Your regex parses single map element perfectly. I suggest you to validate string before creating map and filling it with parsed elements.

Let's use slightly improved version of you regex:

[\[\{\(](([\[\{\(](\d+),(\s*)(\d+)[\)\}\]])(,?)(\s*))*[\)\}\]]

It matches the whole string if it is valid: it begins with [\[\{\(], ends with [\)\}\]], contains several (or zero) pattern of map element inside followed by , and multiple (or zero) spaces.

Here is the code:

#include <list>
#include <map>
#include <regex>
#include <sstream>
#include <iostream>

void f(const std::string& s) {
  // part 1: validate string
  std::regex valid_pattern {"[\\[\\{\\(](([\\[\\{\\(](\\d+),(\\s*)(\\d+)[\\)\\}\\]])(,?)(\\s*))*[\\)\\}\\]]"};
  auto valid_begin = std::sregex_iterator(s.begin(), s.end(), valid_pattern);
  auto valid_end = std::sregex_iterator();
  if (valid_begin == valid_end || valid_begin->str().size() != s.size ()) {
    std::stringstream res;
    res << "String \"" << s << "\" doesn't satisfy pattern!";
    throw std::invalid_argument (res.str ());
  } else {
    std::cout << "String \"" << s << "\" satisfies pattern!" << std::endl;
  }

  // part 2: parse map elements
  std::map<int, int> m;
  std::regex pattern {"[\\[\\{\\(](\\d+),\\s*(\\d+)[\\)\\}\\]]"};
  auto parsed_begin = std::sregex_iterator(s.begin(), s.end(), pattern);
  auto parsed_end = std::sregex_iterator();
  for (auto x = parsed_begin; x != parsed_end; ++x) {
    m[std::stoi(x->str(1))] = std::stoi(x->str(2));
  }

  std::cout << "Number of parsed elements: " << m.size() << '\n';
}

int main() {
  std::list<std::string> l {
      "{}",
      "[]",
      "{{0, 153}, (2, 3)}",
      "{{0,      153},   (2,    3)}",
      "{[0, 153],           (2, 3), [154, 33]   }",
      "{[0, 153],           (2, 3), [154, 33]   ", // Ill-formed, so need to throw an exception.
      "{{4,  5, {6, 7}}", // Ill-formed, so need to throw an exception.
      "{{4,  5, {x, 7}}" // Ill-formed, so need to throw an exception.
  };
  for (const auto &x : l) {
    try {
      f(x);
    }
    catch (std::invalid_argument &ex) {
      std::cout << ex.what () << std::endl;
    }
    std::cout << std::endl;
  }
}

Here is the output:

String "{}" satisfies pattern!
Number of parsed elements: 0

String "[]" satisfies pattern!
Number of parsed elements: 0

String "{{0, 153}, (2, 3)}" satisfies pattern!
Number of parsed elements: 2

String "{{0,      153},   (2,    3)}" satisfies pattern!
Number of parsed elements: 2

String "{[0, 153],           (2, 3), [154, 33]   }" satisfies pattern!
Number of parsed elements: 3

String "{[0, 153],           (2, 3), [154, 33]   " doesn't satisfy pattern!

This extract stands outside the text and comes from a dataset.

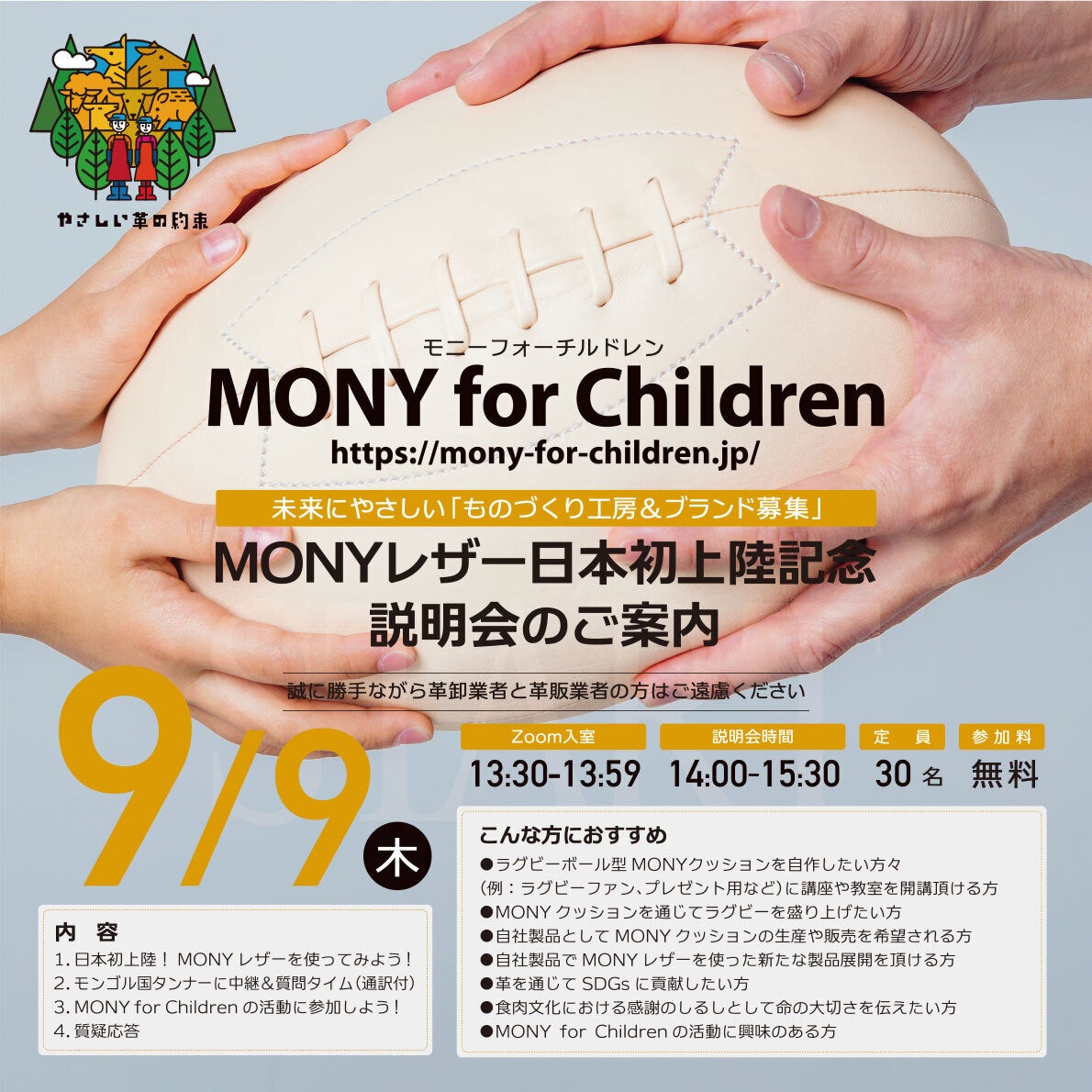 2021/08/23 16:40今年1月に実施した「モンゴルから日本へ想いをつなぐ!やさしい革のある暮らし」クラウドファンディングでは、大変お世話になりました。相変わらずコロナ感染拡大や各地での大雨被害が続いておりますが、被害に遭われた方々の1日も早いご回復や復旧を心からお祈り申し上げます。この度、クラウドファンディングでご支援いただいた株式会社久保柳商店様の主催で、MONYレザー日本初上陸記念説明会を開催することになりました。クラウドファンディング終了後、皆様からご支援いただいた想いをこれからも活かし、持続可能な地球を次世代の子ども達につなぐために、5月5日にMONY for Childrenを立ち上げ、MONYレザー日本上陸のための準備をしてまいりました。https://mony-for-children.jp/この説明会をきっかけに、SDG12(持続可能な開発目標)「つくる責任、つかう責任」の貢献から目指し、持続可能な地球を次世代の子供たちにつなぐために、レザー業界に関わる皆様のお力をお借りして、一緒に創り上げ、伝え、広げていきたいと思っています。よろしくお願いいたします。開催日時/9月9日木曜日ZOOM入室/13:30~時間/14:00~15:30場所/ZOOM参加費/無料主催/株式会社久保柳商店協力/モンゴル国駐日大使館、一般社団法人やさしい革チラシはこちらからご覧いただけます。●レザー業界が抱えている問題を解決するきっかけにしたい方●MONYレザーを通じて動物の命の大切さを伝えることにより、SDGsの達成に貢献したい方●モンゴルの方の想いを直接聞いてみたい方●エシカル商品に興味のある方などお気軽にお越しください。皆様からのお申込みを心からお待ちしております。お申し込みはこちらから もっと見る

String "{{4,  5, {6, 7}}" doesn't satisfy pattern!

String "{{4,  5, {x, 7}}" doesn't satisfy pattern!

PS It has only one defect. It doesn't check that corresponding closing bracket is equal to the opening one. So it matches this: {], {(1,2]) etc. If It is not okay for you, the easiest way to fix it is to add some extra validation code before putting parsed pair in map.

PPS If you are able to avoid regex's, your problem could be solved much more efficient with a single string scan for each string. @SilvanoCerza proposed an implementation for this case.